Ronan plays Eilis Lacey, a bright but timid young woman stuck in the stultifying atmosphere of small-town Ireland in 1952, a place where the main pastime for young women with limited choices seemed to be husband hunting. It looks like Eilis will take the route of marriage to a local boy and observance and obedience to all that is expected of her, but when a local priest domiciled in New York, Fr Flood (a marvellous Jim Broadbent) offers to sponsor her, she seizes the chance to break free and forge a real future for herself.
Saoirse Ronan and Domhnall Gleeson both give career-high performances.
Her first months in Brooklyn are spent in terror. She is crippled by shyness and homesickness until she meets Tony, a handsome and romantic young Italian man who woos her diligently at the local Irish dances. He is part of an American-Italian family, who like much of Brooklyn, come straight from central casting and Eilis' visit to their humble apartment for dinner is one of the few things here that doesn't ring quite true.
With Fr Flood having secured her a job in an up-scale department store in Manhattan and a wise old owl of a landlady (a brilliant Julie Walters) watching over her in the boarding house where she has been installed, this Wexford girl's new life in the New World looks secure. Cupid and Tony have big plans for Eilis Lacey.
However, when an emergency forces her back home, Brooklyn changes gear dramatically and enters into a dramatic and brilliantly-handled third act which captures the sense of dislocation felt by every Irish immigrant. The film also thankfully loses a mounting suspicion of schmaltz. Eilis re-enters her old life like an exotic bird who fully intends to return to her new life abroad but finds that everybody is determined that she stay, not least her grieving mother. New York is becoming a fast-fading memory and young Eilis Lacey is caught in an agonising choice between head, heart and home.
Ronan gives the performance of her career. Eilis can be infuriatingly passive but there is never any doubt about her mounting sorrow. The camera is nearly always on Ronan in full luminous close-up, as we try to divine the thoughts and the chaos racing through her mind under that serene surface.

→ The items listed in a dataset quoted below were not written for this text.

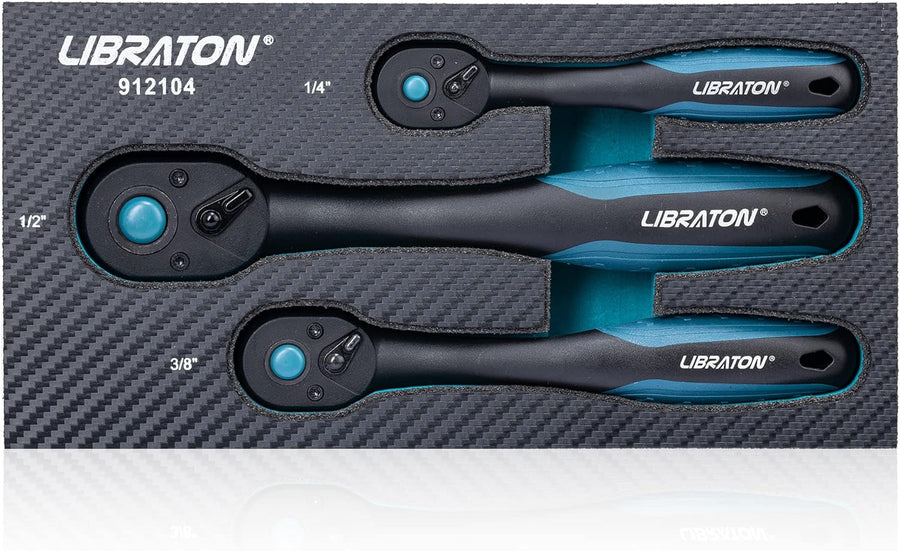 LIBRATON Umschaltknarre Antrieb, 72 Zähne Ratschengriff mit Schnellspanner, 3 TLG 1/4" 3/8" 1/2" Rat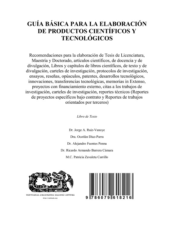 En este libro de texto se presentan unas Recomendaciones para la elaboración de Tesis de Licenciatura, Maestría y Doctorado, artículos científicos, de docencia y de divulgación, Libros y capítulos de libros científicos, de texto y de divulgación, carteles de investigación, protocolos de investigación, ensayos, reseñas, opúsculos, patentes, desarrollos tecnológicos, innovaciones, transferencias tecnológicas, memorias in Extenso, proyectos con financiamiento externo, citas a los trabajos de investigación, carteles de investigación, reportes técnicos (Reportes de proyectos específicos bajo contrato y Reportes de trabajos orientados por terceros).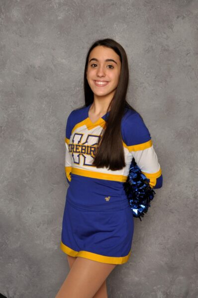 This season’s Most Valuable Player goes to a cheerleader who has been a true asset to our team over the past two years. Mia Quinones is an all-around cheerleader with strong stunting skills, impressive jumps, and beautiful tumbling. She has proven to be one of the most reliable flyers on the team, and she pushes herself and her teammates beyond what is asked of them each and every practice. Mia’s effort, talent, positivity, and determination are unmatched. She is a natural leader and an absolute pleasure to coach. Mia excels in all aspects of cheerleading, and we can’t wait to watch her continue to grow as a cheerleader. This season’s Most Valuable Player is Mia Quinones.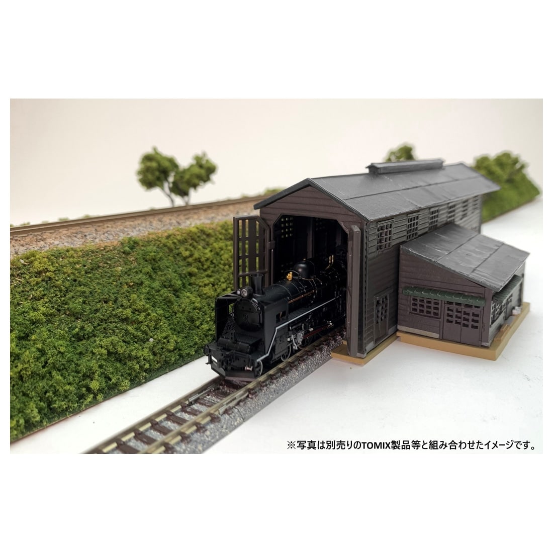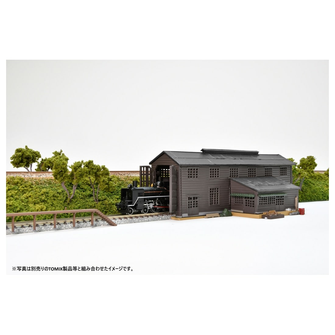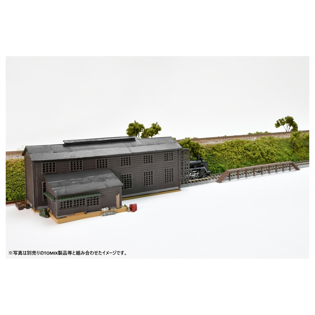 セット内容: 電車庫、作業所、洗車台、小物(ドラム缶、金属ごみ置き場等)

Domhnall Gleeson as Jim Farrell, the handsome young man from Enniscorthy’s upper echelon who also tries to win Eilis’ heart, is superb and turns in a performance of real restraint and nobility. There is also a great turn from Eva Birthistle as a glamorous blonde who shows the gauche Eilis the ropes (and the sick bucket) on her distinctly unglamorous voyage to New York.
Back home in Enniscorthy, the locals are supremely entertaining. As the only bad egg in a movie full of likeable and more importantly, believable characters, Brid Brennan is superb as Mrs Kelly, the local battleaxe of a shopkeeper who has earned herself the nickname “nettles” Kelly and who observes a nauseating pecking order when it comes to counter service in her shop.

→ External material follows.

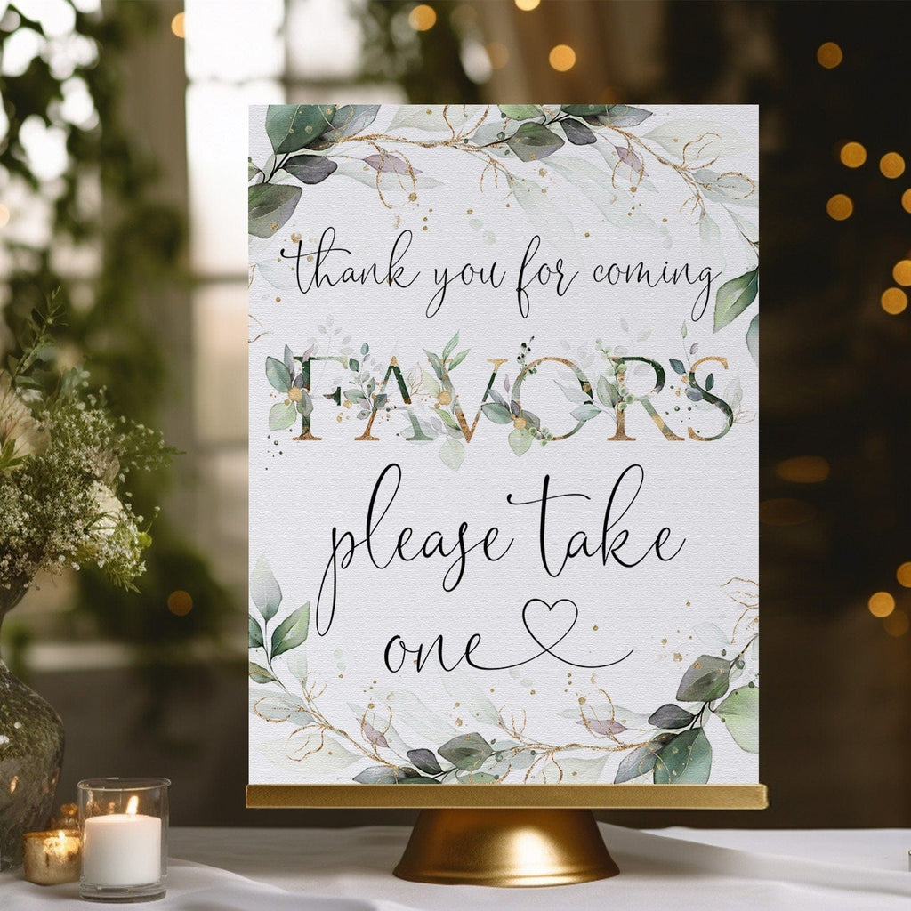 Greenery Gold Favors Sign | 2 Sizes | Editable Wedding Favor Signage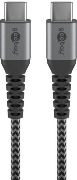 Elegáns és rendkívül robusztus csatlakozókábel USB-C csatlakozóval rendelkező eszközökhöz. Goobay USB-C kábel a szupergyors töltéshez, maximum 3A áramerősségig. USB-C kábel nagy sebességű adatátvitellel akár 480Mbit/s-ig. Fonott textilkábel optimalizált megcsavarodás elleni védelemmel,  kábeltörés elleni védelemmel, és több mint 10000 hajlítási ciklusra tervezték. A megerősített fémdugónak és a textilbevonatnak köszönhetően az USB-C - USB-C kábel rendkívül strapabíró és tartós. A Goobay USB-C adat és töltőkábel fonott textil bevonata kellemes tapintású, és kíméli az érzékeny felületeket. A robusztus, 2 méteres USB-C töltőkábel extra hosszú, így nagyobb távolságokat is áthidalhat, például munkahelyen vagy otthoni irodában. Az USB-C kábel csatlakoztatható okostelefonhoz, PC-hez, laptophoz, táblagéphez stb. (támogatja az Apple MacBook töltési funkcióját).

It all comes bathed in an almost holy light by cinematographer Yves Bélanger. Brooklyn is all rich greens, vivid reds and flowery yellows. A trip to Coney Island is like being dropped inside a candy box and when Eilis (for which you can read Ellis Island) first enters New York, she does so in slow motion through a battered old doorway into a Technicolor world flooded with sunshine.

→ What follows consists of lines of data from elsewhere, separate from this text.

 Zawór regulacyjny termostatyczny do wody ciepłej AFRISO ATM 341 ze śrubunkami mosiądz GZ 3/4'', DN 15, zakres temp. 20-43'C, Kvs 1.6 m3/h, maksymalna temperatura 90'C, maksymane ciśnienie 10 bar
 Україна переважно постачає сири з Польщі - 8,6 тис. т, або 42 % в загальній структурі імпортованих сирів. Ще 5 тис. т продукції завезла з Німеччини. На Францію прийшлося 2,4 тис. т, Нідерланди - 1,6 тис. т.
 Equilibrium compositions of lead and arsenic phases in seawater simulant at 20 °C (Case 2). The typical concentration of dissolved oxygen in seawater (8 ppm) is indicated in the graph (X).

Ever the populist, screenwriter Nick Hornby respects Tóibín’s nuanced prose without losing any of the power or the meaning of a glance or a silence. Tóibín himself always set out to write an unashamed romance novel as an addition to his more literary oeuvre - almost as an exercise in style and that’s no bad thing. This is the kind of movie which will be shown on RTÉ One on Christmas night for the rest of time. And why not? Brooklyn is heart-warming, funny, and thought-provoking. It also looks just ravishing.